Background: Ehlers-Danlos-Like Syndrome (EDS) is a rare disease in small animals, whose diagnosis is based on the clinical findings and histopathological examination. The definitive diagnosis may require transmission electron microscopy. Despite this, the ultrastructural changes are poorly described in the literature. The aim of the present study is to describe the ultrastructural findings of collagen fibers and fibroblasts present in the dermis of two animals with EDS, and to evaluate the digital measurement of the diameter of the collagen fibers by transmission electron microscopic images.

Cases: Two animals were evaluated with EDS by transmission electron microscopy. The first animal was an 1-year-old mixed breed female cat, due to spontaneous skin laceration, increased skin elasticity and an extensibility index corresponding to 25%. The second animal evaluated was a 5-month-old Golden Retriever female dog due to articular hypermobility, increased skin elasticity and an extensibility index corresponding to 16.6%. After a skin biopsy of the interscapular and lumbar regions, the samples were fixed in formalin 10% and glutaraldehyde for, respectively, histopathological examination by HE staining, and transmission electron microscopy. The histopathology of the affected cat revealed collagen fibers shortened and sometimes fragmented. The histopathology of the affected dog revealed disarranged and more eosinophilic staining collagen fibers. The collagen fibers were also of unequal sizes, shortened and slightly undulate. At the transmission electron microscopy of the affected cat was evidenced a greater spacing of the collagen fibers of variable diameters. Further this, the fibroblasts showed elongated nuclei with heterochromatic regions, which was surrounded externally by scant cytoplasm. The cytoplasm showed elongated and discrete organelles. At the transmission electron microscopy of the affected dog was evidenced a greater spacing of the collagen fibers of variable diameters. Further this, fibroblasts exhibited intense cytoplasmic vacuolization with similar appearance to that found in the dying process by autophagy. In addition, the images obtained by transmission electron microscopy were submitted to digital analysis to measure the diameter of the collagen fibers using the software Image J. For this purpose, it was obtained the average of the diameter of 10 collagen fibers in cross-section into four quadrants of 1μm each. The digital analysis of collagen fibers revealed significant alterations in the ultrastructure of collagen. In addition, it was verified cellular changes, such as the large amount of intracytoplasmic vesicles and the small amount of collagen fibers dispersed around the cells.

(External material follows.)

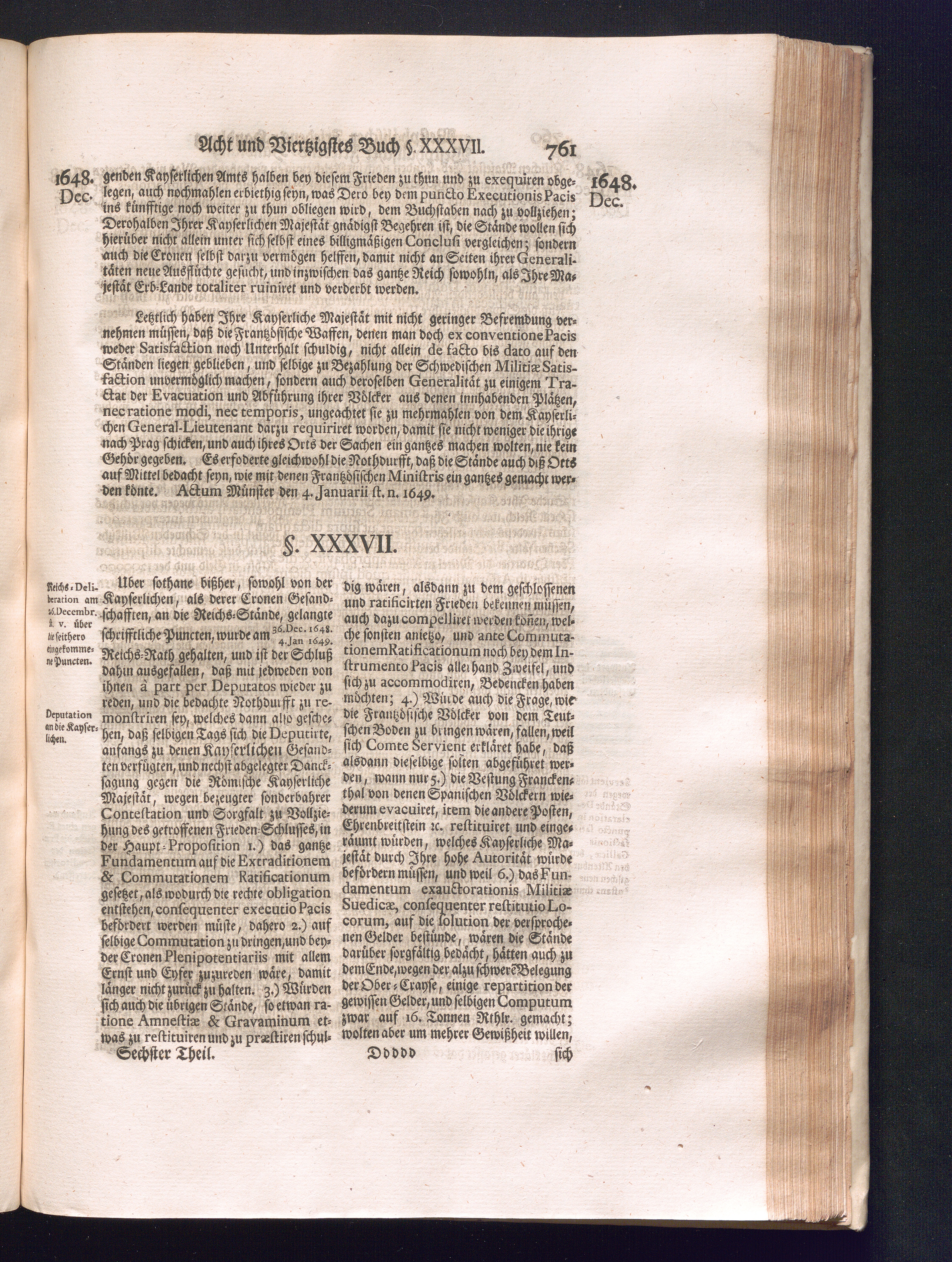 Sechster Theil (1736) Worinnen enthalten ist, was vom Monath Junio des Jahrs 1648. biß zu dem, im Jahr 1649. völlig erfolgten Schluß und Ende des Universal-Friedens-Congressus zu Oßnabrück und Münster, gehandelt und geschlossen worden

Discussion: Microscopic abnormalities visualized by HE staining in this present study were compatible with the literature Transmission electron microscopy is fundamental to confirm the suspicion, since it revealed dermal alterations in the ultrastructure of collagen and fibroblasts. These findings indicate possible failure mechanisms of secretion and release of cellular products, as well as collagen. The digital measurement of the diameter of the collagen fibers contributed to the confirmation of the disease, since it was made randomly and reduced the subjectivity inherent of the evaluator. However, there are no studies using this method to allocate a range of significance for the diameter of collagen fibers that may be considered suggestive for the syndrome in small animals.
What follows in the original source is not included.